11.8 Amendment and Modification; Waiver. This Agreement may be amended, modified, or supplemented only by an agreement in writing signed by each party hereto. No failure to exercise any rights, remedy, power or privilege (“Right(s)”) arising from this Agreement shall operate or be construed as a waiver thereof. No single or partial exercise of any Right hereunder precludes any other or further exercise thereof or the exercise of any other Right.

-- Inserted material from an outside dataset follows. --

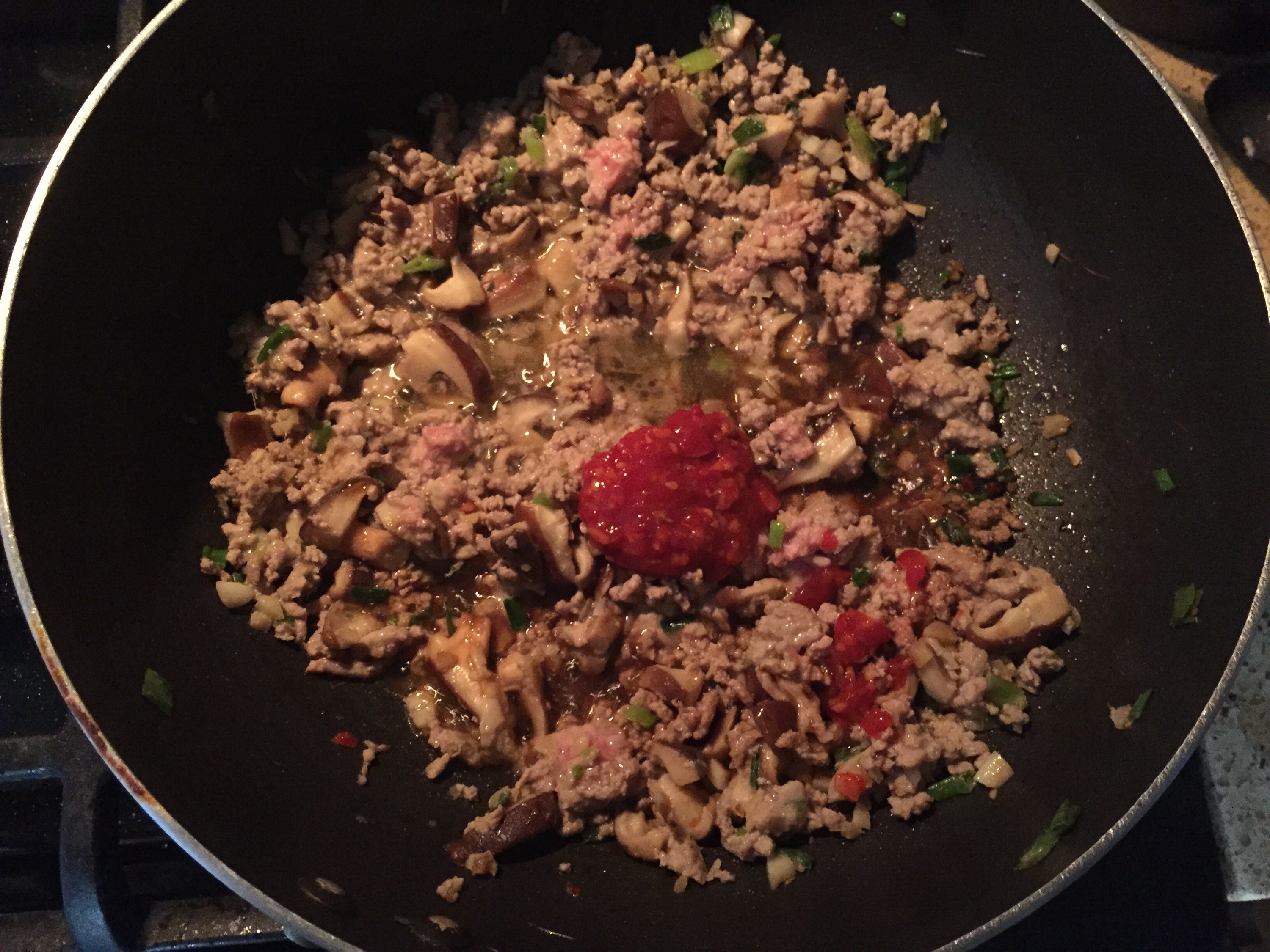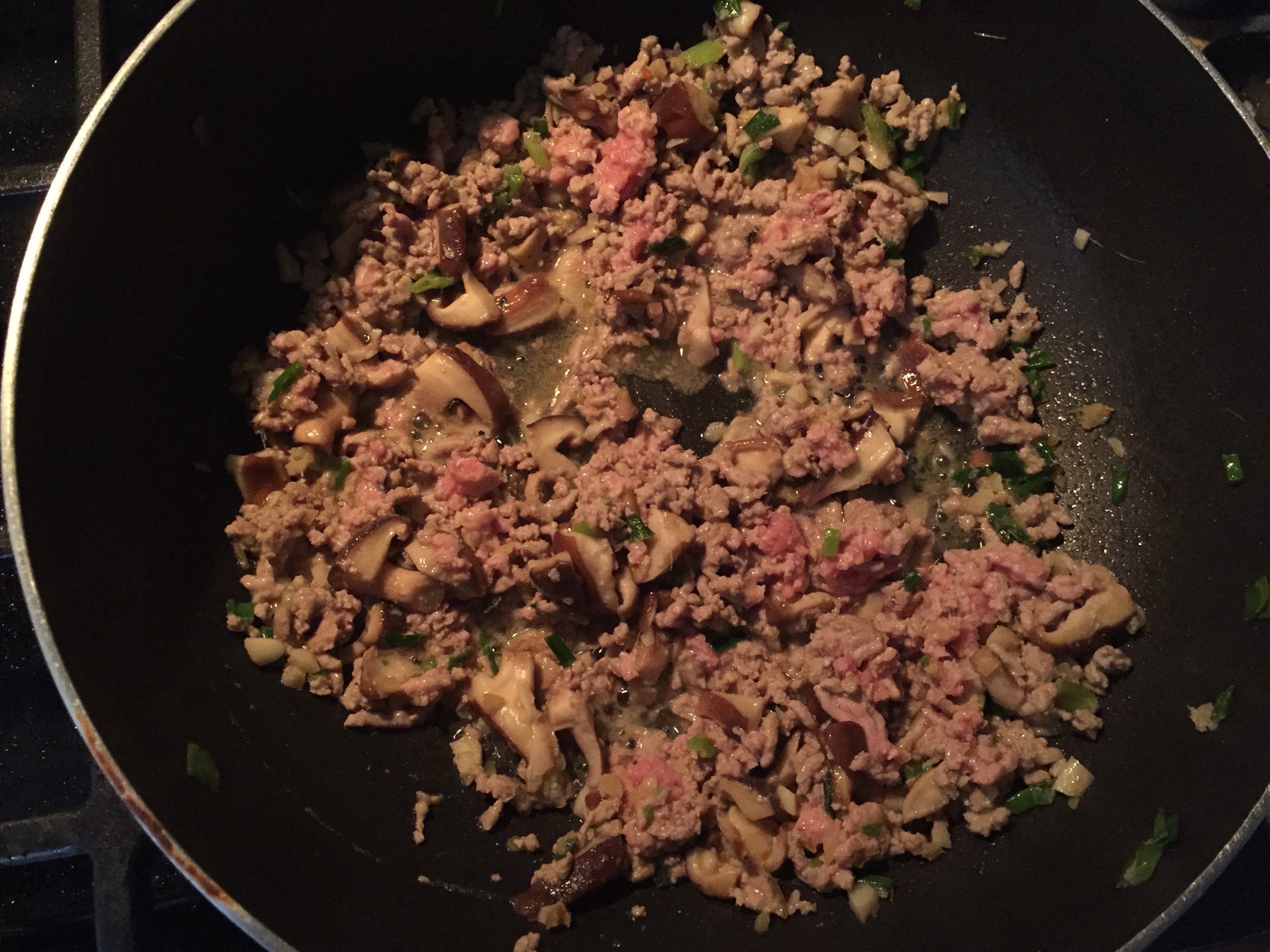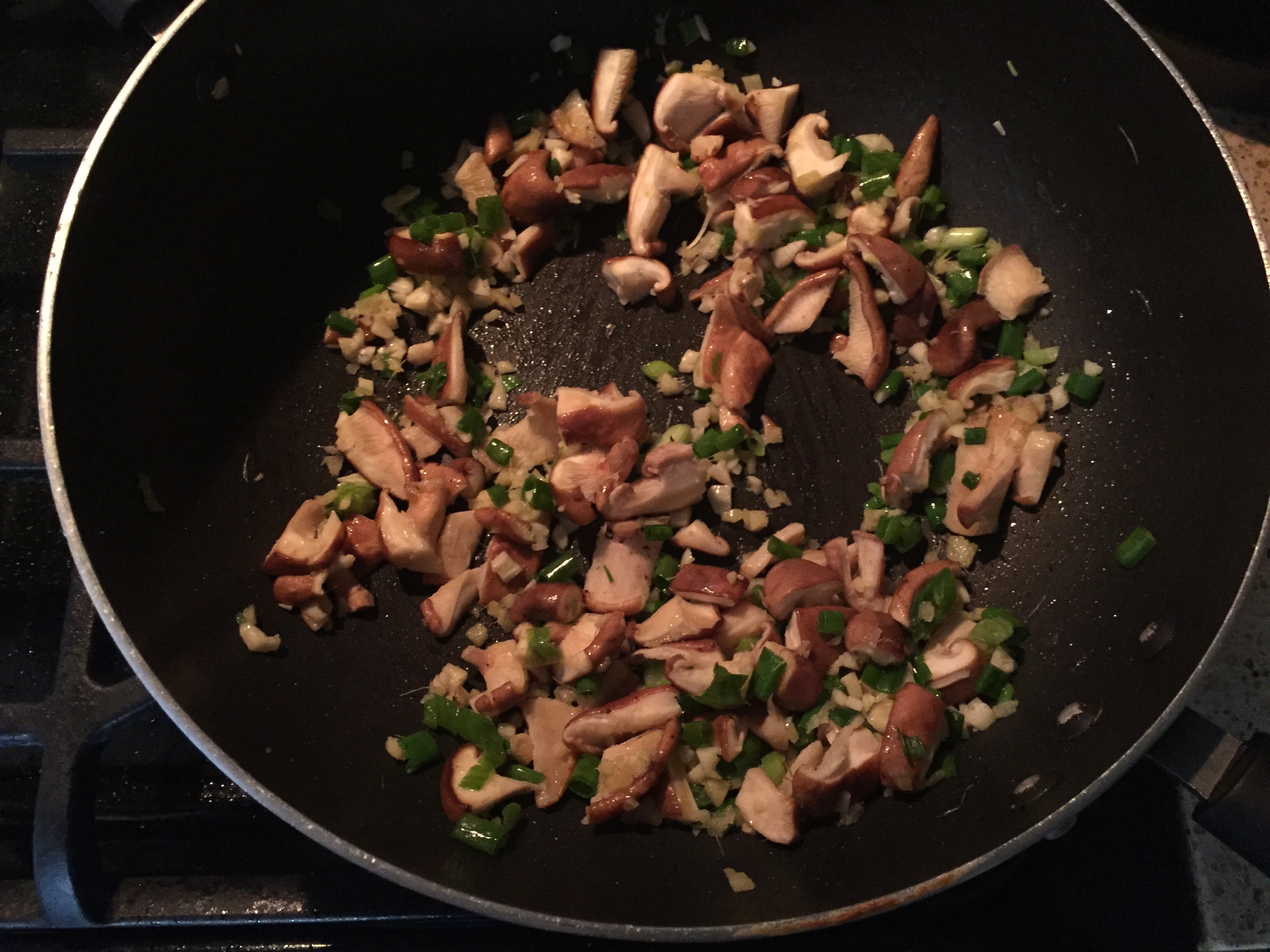 In a large pan, heat the sesame oil. Keep your heat on medium, and add the Asian holy trinity, along with the chopped shiitake mushrooms.

11.9 Severability. No invalidity, illegality, or unenforceability of any provision herein in any jurisdiction, shall affect any other term or provision of this Agreement or invalidate or render such provision unenforceable in any other jurisdiction. If any provision is determined to be invalid, illegal, or unenforceable, the parties hereto shall negotiate in good faith to modify this Agreement so as to effect the original intent of the parties as closely as possible.

11.10 Governing Law: Submission to Jurisdiction. This Agreement shall be governed by and construed in accordance with the internal laws of the State of North Dakota without giving effect to any choice or conflict of law provision or rule that would cause the application of laws of any other jurisdiction. Any legal suit, action, or proceeding arising out of or related to this Agreement or the Services provided hereunder shall be instituted in the state or federal courts in North Dakota. Service of process, summons, notice or other document by mail to such party’s address set forth herein shall be effective service of process for any suit, action, or other proceeding brought in any such court. 

11.11 Equitable Relief; Cumulative Remedies. Each party acknowledges that a breach of Section 5 (Intellectual Property Rights; Ownership) or Section 6 (Confidentiality) may cause the non-breaching party irreparable damages, for which an award of damages would not be adequate compensation. In the event of such breach or threatened breach, the non-breaching party will be entitled to seek equitable relief. Except as expressly set forth in this Agreement, the right and remedies under this Agreement are cumulative and in addition to any other rights or remedies available at law or in equity or otherwise.

11.12 Counterparts. This Agreement may be executed in counterparts, each of which shall be deemed an original, but all of which together shall be deemed to be one and the same agreement. A signed copy of this Agreement delivered by facsimile, e-mail or other means of electronic transmission shall be deemed to have the same legal effect as delivery of an original signed copy of this Agreement.